Oil prices settled higher on Thursday after an early decline as investors covered short positions ahead of the long weekend and on news that the European Union might phase in a ban on Russian oil imports. Brent futures settled up $2.92, or 2.68%, at $111.70 a barrel. U.S. West Texas Intermediate futures closed $2.70 or 2.59% higher at $106.95 a barrel. The New York Times reported that the EU was moving toward adopting a phased-in ban on Russian oil, to give Germany and other countries time to arrange alternative suppliers. A phased-in ban would force European buyers to seek alternative sources, some of which in the near term are being met by Strategic Petroleum Reserve releases, but in the future, more supplies coming out of the ground will be required, according to analysts. The IEA had warned on Wednesday that roughly 3 million barrels per day of Russian oil could be shut in from May onwards due to sanctions or buyers voluntarily shunning Russian cargoes. However, on the demand side, Chinese refiners are set to cut crude throughput this month by about 6%, a scale last seen in the early days of the COVID-19 pandemic two years ago, to ease bulging fuel inventories during recent lockdowns.
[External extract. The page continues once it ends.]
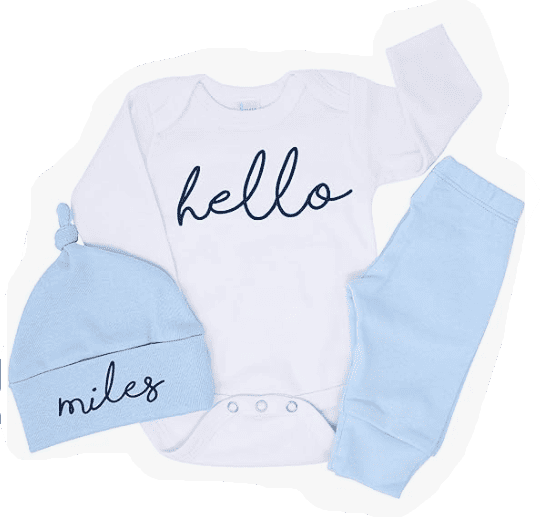 This “Hello” personalized outfit brings a gentle, minimalist charm to your baby’s homecoming. The white bodysuit with navy script pairs beautifully with soft blue pants and a matching hat that can feature your baby’s name. It’s a timeless set that’s perfect for newborn photos and those first cuddly days at home.

Asian LNG prices stable on weak
Asian spot liquefied natural gas prices were stable last week due to muted demand from Asia amid a lockdown in China, that has allowed European gas prices to maintain a premium to keep LNG cargoes flowing to the continent. The average LNG price for May delivery into north-east Asia was estimated at $33.00 per metric million British thermal units (mmBtu), unchanged from the previous week. Europe’s TTF gas benchmark continues to retain a premium over Asian spot LNG prices, keeping flows of LNG into the bloc very strong, analysts said. The LNG market remains tight and Europe will still need to bring in large amounts of LNG to prepare for next winter and to hit storage targets, another factor to support prices going forward. Europe has imported 15.4 billion cubic meters (bcm) of LNG in March, a 32% increase from the previous month, according to Refinitiv Eikon data, and is expected to continue to attract large number of volumes, especially from the United States. In China, a lockdown due to zero-tolerance Covid-19 policy has weighed on gas demand and is proving bearish for Asian LNG prices. However, prices will likely rise once the current wave of COVID-19 infections runs its course.